Out of the INR 10.11 Cr, about INR 5 Cr was raised in debt and the remaining was equity funding, as per the startup’s regulatory filings.
The funding round comes a month after Pratilipi raised about INR 15 Cr via optionally convertible debentures (OCDs) from individual investors.
Talking about the latest funding round, Pratilipi cofounder and CEO Ranjeet Pratap Singh told Inc42 that the startup became cash-flow positive in July. The debt and funding via OCDs was raised after that to accelerate the growth till July 2025.
Pratilipi is also in talks to raise about $12 Mn this month, Singh said, adding that the startup is looking to get ready for an initial public offering (IPO) in early 2026.
Founded in 2015 by Singh, Sankaranarayanan Devarajan, Rahul Ranjan and Sahradayi Modi, Pratilipi is an Indian language storytelling platform, which connects readers and writers in 12 languages. It claims to have an extensive readership and listener base of up to 15 Mn subscribers and be home to over 9.5 Lakh writers.

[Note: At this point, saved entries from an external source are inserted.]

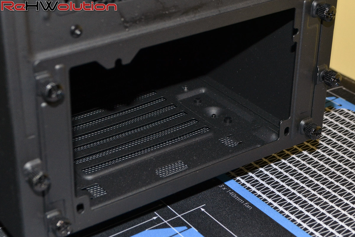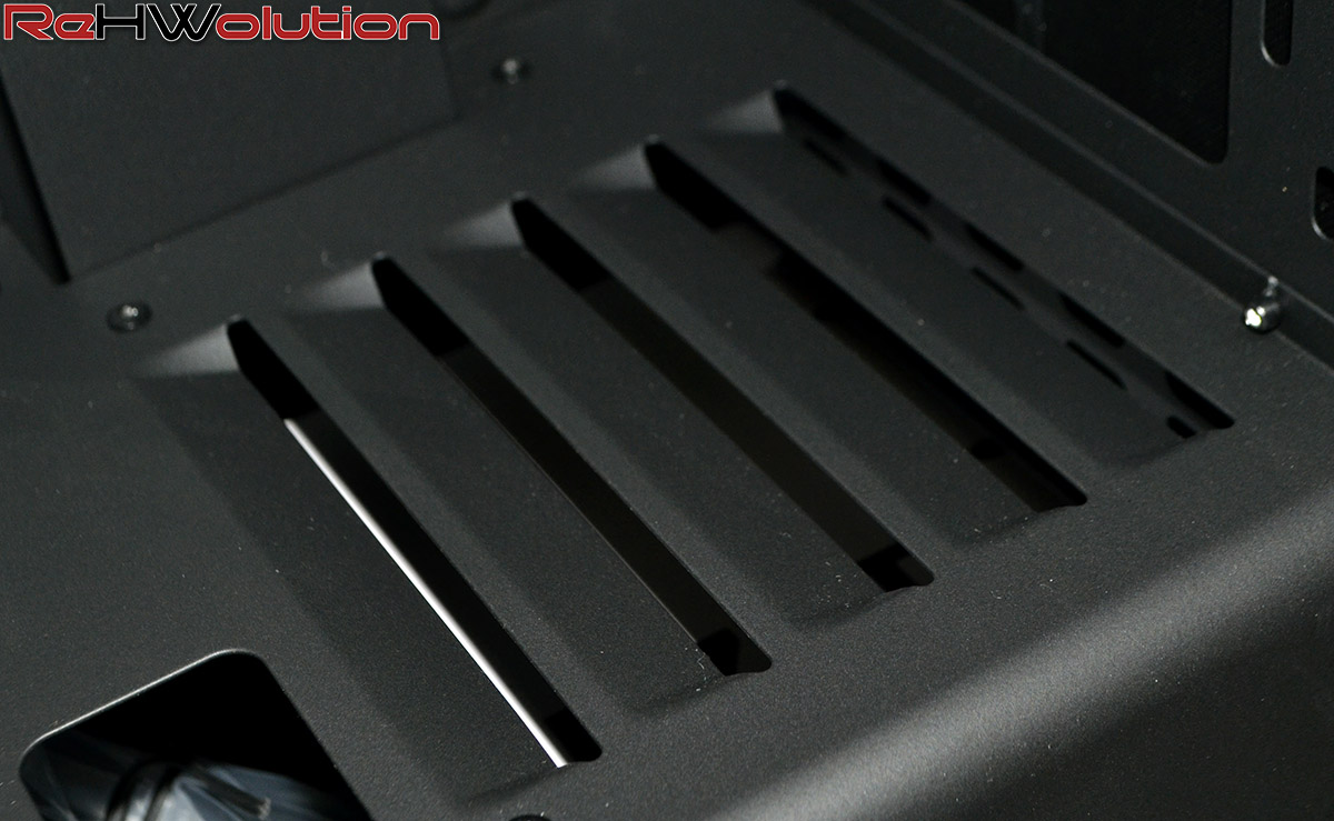 Partiamo dalle particolarità: il case non ha slot da 5.25″, scelta che se da un lato taglia nettamente con il passato (unità ottiche? Chi le usa più?), dall’altro castra inevitabilmente le possibilità di installare Rheobus o vaschette per sistemi di raffreddamento a liquido. Guarda caso, l’azienda al prezzo di 30$ propone un fan controller proprietario da installare all’interno dei propri case. Coincidenze? Non credo proprio.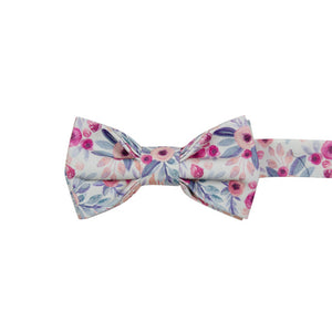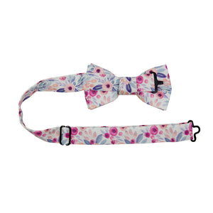 Hermosa Pre-Tied Bow Tie with adjustable neck strap. Cream/off white background with pink and peach circular flowers and blue and green leaves throughout.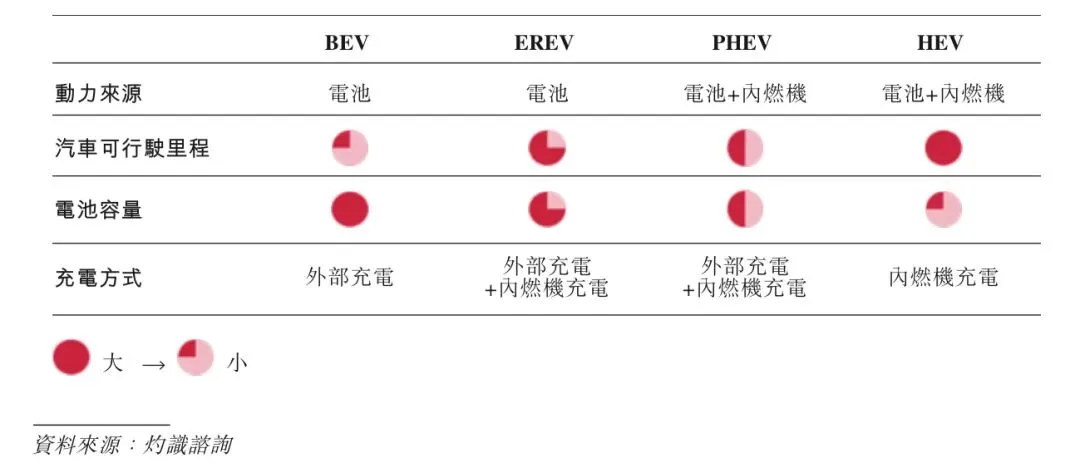 动力类电池是可充电锂电池系统,是新能源汽车(NEV)的主要动力来源。按动力类型划分,新能源汽车可以分为纯电动汽车(BEV)、增程序电动汽车(EREV)、插电式混合动力汽车(PHEV)及混合动力汽车(HEV)。下表说明不同动力类型之间的差异,以及针对每种类型量身定制的动力类电池特征。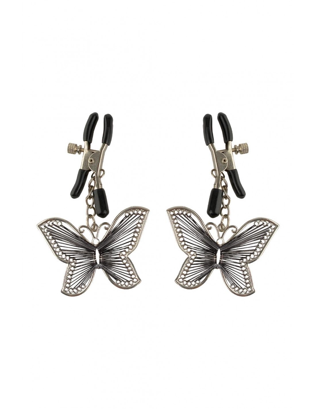 Faites ressortir vos tétons de plaisir avec ces pinces à tétons papillon pour débutants. Fabriquées avec des clips métalliques durables et recouvertes de doublures en caoutchouc souple, ces pinces sont parfaites pour les débutants et les amateurs de fétichisme. La quantité de pression que vous appliquez sur le mamelon est réglable en tournant la vis, tandis que les papillons vous offrent une stimulation subtile à chaque mouvement.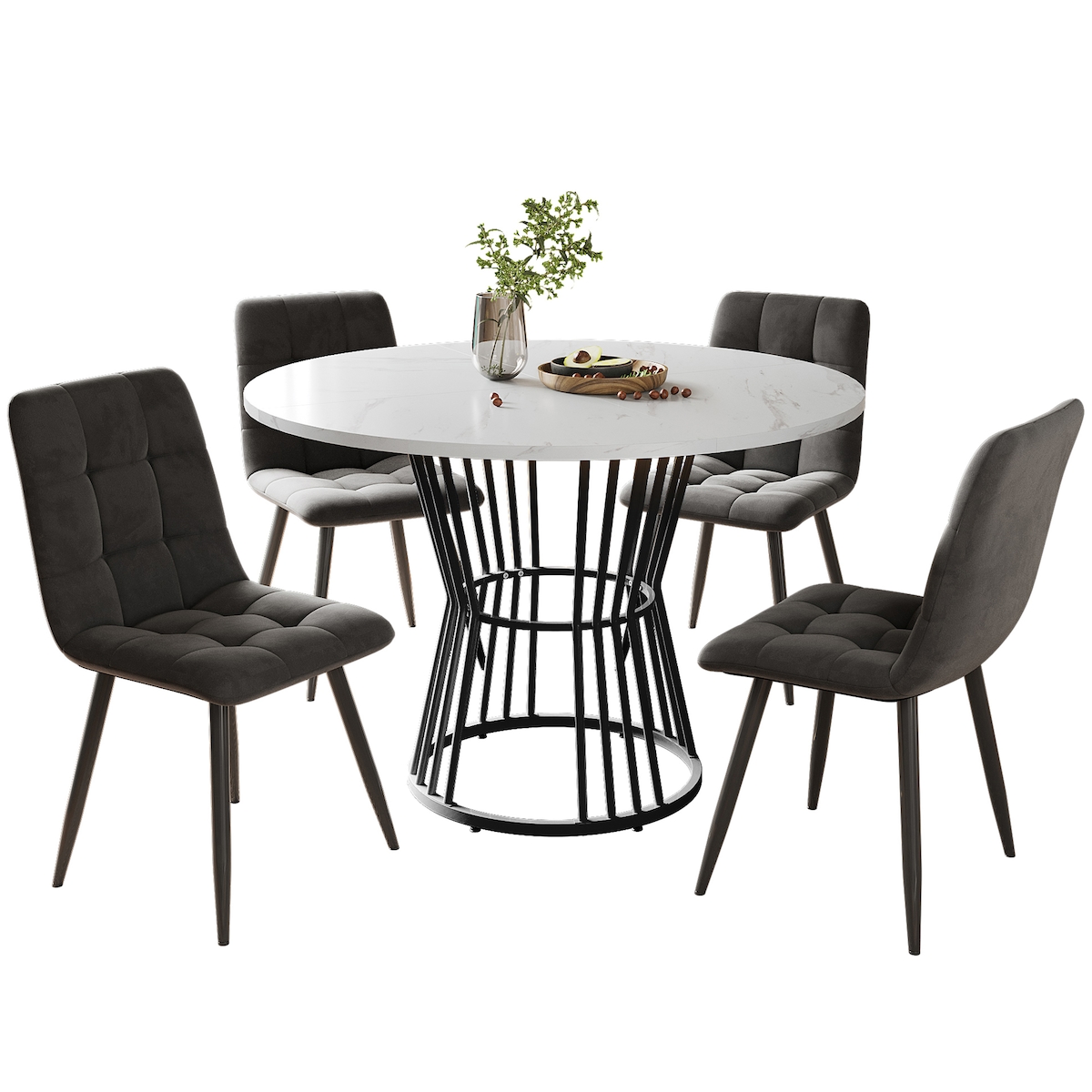 OKWISH Esstisch-Set (5-teilig) mit rundem Tisch 100x100x75 cm, schwarzen Metallbeinen und dunkelgrau Samtstühlen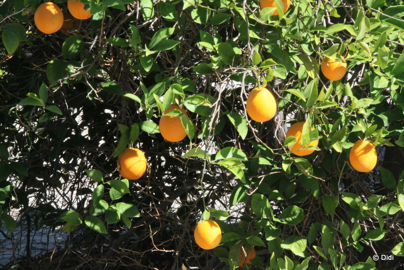 fruchtbehangenen Orangenbäume, was ein Kontrast!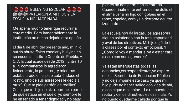 La familia del menor, hermana y madre, esta última de nombre Guadalupe T. reveló que su hijo fue acosado, pateado y golpeado por “El Rebaño”, un grupo de alumnos del Instituto Oriente que son conocidos por agredir a los estudiantes.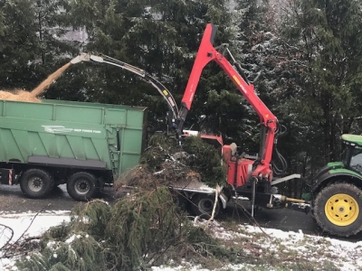 雪の中、幅3m未満の狭い道路に370馬力のジョンディア8シリーズと38立米入るトレーラーを引っ張って215馬力のジョンディア6シリーズが山道をドンドン登って行きます。トレーラーに直接チップを吹き込むために、山道をバックで上がって行き、チッパーと20cmくらいの間隔で駐車するドライビングテクニックが凄くて見とれました。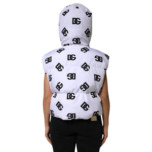 Dolce & Gabbana White Black DG Mania Polyester Puffer Jacket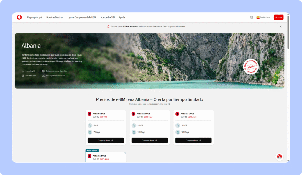 Vodafone es una buena elección si buscas una eSIM con respaldo de operador local, buena cobertura y muchos GB, y no necesitas datos ilimitados ni roaming en otros países.

It is backed by the likes of Tencent, Omidyar Network, WEH Ventures, Times Internet, and Nexus Ventures Partners, among others, and has raised over $80 Mn in funding to date.
On the financial front, the startup managed to reduce its net loss by 62% to INR 58.13 Cr from INR 152.63 Cr in FY23. Operating revenue surged over 65% to INR 57.8 Cr from INR 34.9 Cr in FY23.
Earlier, Singh told Inc42 that Pratilipi is aiming to achieve an operating revenue of INR 110 Cr by FY25 and INR 180 Cr by FY26.
“We are now at a stage where we can become profitable whenever we want by reducing forward-looking investments or expenditures. We want to grow as quickly as possible before the last two quarters,” the cofounder said then.